Hardball: Pro-war vet says we invaded Iraq because we needed it as a base
David Edwards and Muriel Kane
Chris Matthews presented a debate Tuesday over reviving the draft between conservative Iraq War veteran Mark Finelli and veteran John Bruhns of Americans Against Escalation in Iraq.
Finelli started off by arguing that the war effort has been poorly planned and poorly equipped because the "elite of this country don't have a vested personal interest in winning the war." He stated his belief that if the middle class was subject to a draft, the excuse that "we don't have enough money" for proper equipment would no longer be heard.
"George Bush took us into war on a fallacy," Bruhns began. "He took us in there under-equipped -- I totally agree with Mark on that -- under-manned, no plan to win the peace.
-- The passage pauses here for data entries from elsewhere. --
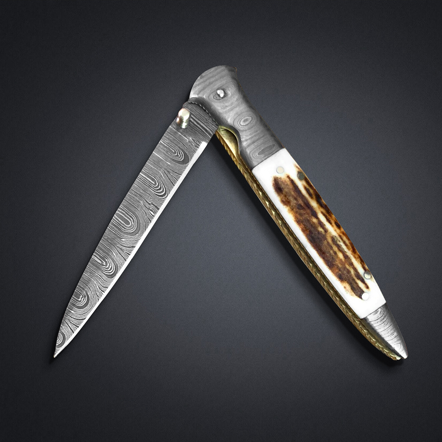 This is your right hand on the hunt, on the job, or on the go. This knife is tough as nails, and gorgeous to boot. The beautiful knife comes with a razor sharp cutting edge and a leather sheath.
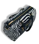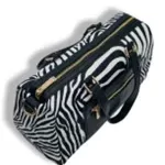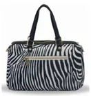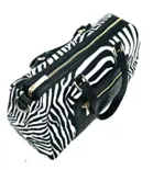Mala bowling modelo em animal print. Duas alças de mão mais alça a tiracolo. Malote medio grande com interior amplo e com fecho de correr. Tecido impermeável
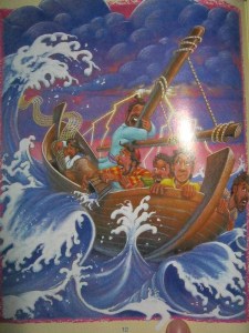 2. Inainte de lectie, am asezat in fata lor un decor, cu o barca, confectionata dupa modelul din cartea BIblia, confectionam si invatam (pag. 41-42). Nu uitati ca am incarcat-o aici si o puteti folosi si voi.

He managed the war with utter incompetence." However, when asked if a draft might bring a quick end to the war, Bruhns replied, "Over 70% of the American people are against this war. I could not endorse trying to force people to go over and fight George Bush's war against their will."
"The reason why 70% of the American public is against the war is because we're not winning decisively," insisted Finelli. In seeming contradiction to his earlier argument in favor of a draft, he added, "The surge is working, and I could tell America this: If you don't want a draft, let us finish the job there. ... If we leave Iraq, the next terrorist attack in this country is going to be far more devastating than September 11th ever was."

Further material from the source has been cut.